Ipohworld's World

Saving Yesterday For Tomorrow

20170322-002a (blog)No, this is not a treasure chest that you’d find in a cave. This is an ice box that the ice man would load on his bicycle where he’d then go round selling. Two whole blocks of ice covered in sawdust to keep it from melting any quicker than it should, on a hot day.

How would he cut the ice you ask? Here’s your answer, a huge saw.

20170322-002b (blog)Do you remember the ice man that cycled around on his bicycle selling ice? Do let us know if you do.



  1. NCK says:

    I think drinks and desserts vendors were the usual buyers. Upon ordered, an ice cube was sawn on the ground, or the whole piece dragged on the ground to the customer with an ice hook. This made the ice look unpalatable. But the dirts (mainly sawdust) could be washed away easily. The ice would then be pure as the driven snow, like magic.

    • NCK says:

      After an ice vendor dragged an ice block into a coffee shop, he would dutifully use his hook to lift the ice block into a sink. The coffee shop people would then wash the ice block, place it in a plastic basin, and break it with an ice pick. I don’t know how much an ice vendor earned. Lives used to be simple.

    • NCK says:

      Pardon me. The ice block wasn’t broken in a plastic basin, but a galvanised steel pan or an aluminium basin. A plastic basin wouldn’t survive the onslaughts of the ice pick.

  2. CK Leong says:

    Ice delivered to drinks sellers in those days was highly suspect for food safety reasons. First the water used to make ice must be potable, i.e. have been chlorinated (0.5 ppm minimum), be free of nasty bacteria (too many to mention) and chemicals (toxins, lead). The saw dust used could contain nasty bacteria and toxic chemicals. Washing the dirt (being dragged on the ground (mud and sand) off with water was another source of contamination (quality of water used). I guess the saving grace was the high level of tolerance in the general clients to these nasty bacteria, that a glass of cold sarsee with ice added, did not pose a great problem. Drink only ice made with proper heat treatment and/or from an approved water supply.

  3. S.Y. says:

    The fact that we survived is a miracle. There was a shop in Anderson Road selling blocks of ice. Until maybe we started having ice cubes and ice tubes in plastic bags, I used to buy a block from him which the worker will saw with a rusty saw. The big block of ice is normally kept on the floor with sawdust to delay the ice from melting. I only used the ice block in a pail or container and dump the beer or aerated water in cans in and so it is safe. But when I was a young boy, I (and probably all children) will buy ice drinks which the owner of the ice stall will use a scraper to scrape and add it to the cendol, ice kacang, etc. Or I buy an ice ball with cendol, red beans or leong fun filling. Then the ice stall seller will add in the syrup. And we lick the ice ball and eat the filling. Did not die or fell ill despite the lack of hygiene

  4. Ngai C O says:


    The box was definitely a treasure chest to the ‘ice whaever’ seller; it was about the cheapest, most cost effective method to hold the ice and keep losses to a minimum. Without which, we would not be able to enjoy ice this or that.

    Many of the older generations would probably have bought ice balls to keep cool and replace lost fluids on a regular basis.

    I did not give much thought about hygiene then.

    Now I keep a million miles away if I feel something is suspect.

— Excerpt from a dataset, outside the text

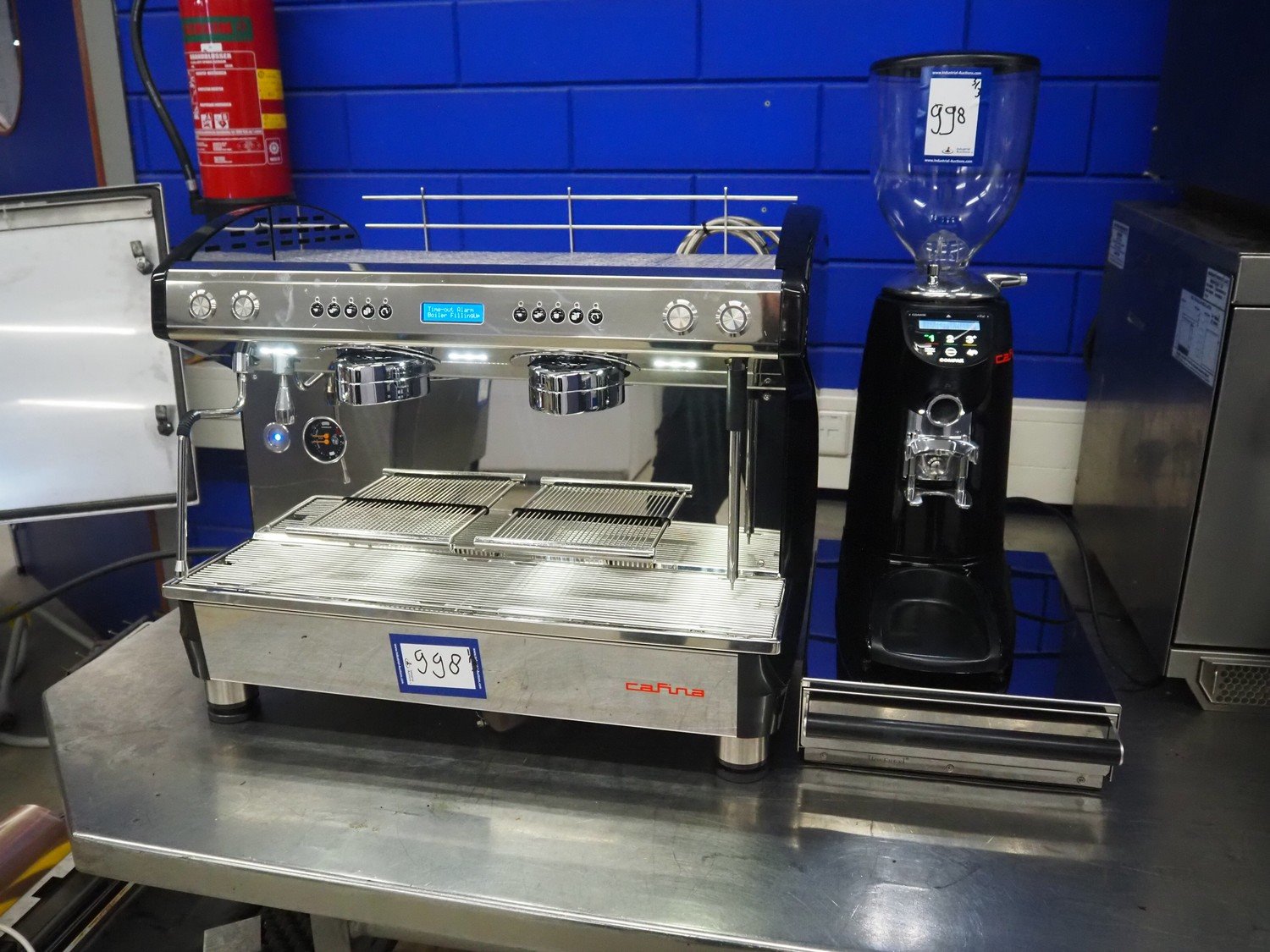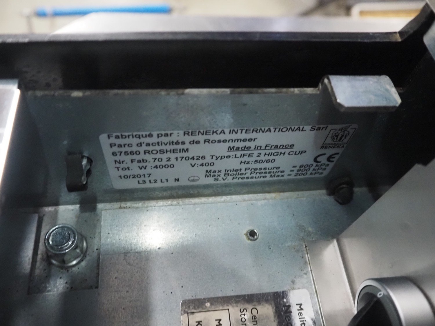 Reneka International Sarl coffee machine with Compak bean grinder and drawer for used coffee grounds, type coffee machine: Life 2 High Cup, fabrication number: 70 2 170426, year of construction: 10/2017, 400 V, 50/60 Hz, 4000 W, dimensions coffee machine: 710 mm x 500 mm x 580 mm, type bean grinder: E8 SCHWARZ, number: 636563, year of construction: 01/2018, 230 V, 50 Hz, 350 W, dimensions bean grinder: 370 mm x 200 mm x 640 mm.

    One other issue with me and I believe many other people of my age group is that the body system does change with age. For instance, I eat and drink very little before I travel to avoid unpredictable events.

  5. Ipoh Remembered says:

    Dear NCK:

    I don’t know how much an ice vendor earned. Lives used to be simple.

    Well, there were ice-vendors and then there were ice-vendors. As with many industries, those who controlled supply — i. e., those with a great deal of capital— made a great deal of money in return. In Ipoh the best example is Shaik Adam, whose Mercantile Bank building (Station Road) and Indian Muslim mosque (Clayton Road) were both paid for largely out of proceeds from making and selling ice.

    Before industrial-scale refrigeration was widely available, around the world ice was big business. In the United States, for example, more than one princely fortune was made (in the nineteenth century) by cutting up frozen lakes in New England and shipping the ice all the way to San Francisco.

    Going back to the man with the ice-box and the bicycle, I know how hard he worked, and I wonder what his dreams were.

  6. Ngai C O says:


    To explore the ‘indispensable’ block ice further, here is what I found from non other than google.

    It is interesting to note that there are many similarities in how it was done in Missisipi as in Ipoh or elsewhere.

    Looks like the concept was adopted here and not our own local invention.

    However the locals were creative enough to come up with deliceous ice kachang, chendol etc.

    I have a feeling the ice ball concept was also copied from somewhere.


  7. sk says:

    Yes, I remember helping my neighbour selling ice block during Ramadan.
    At that time, the ice block was covered with saw dust & wet sack cloth to prevent melting.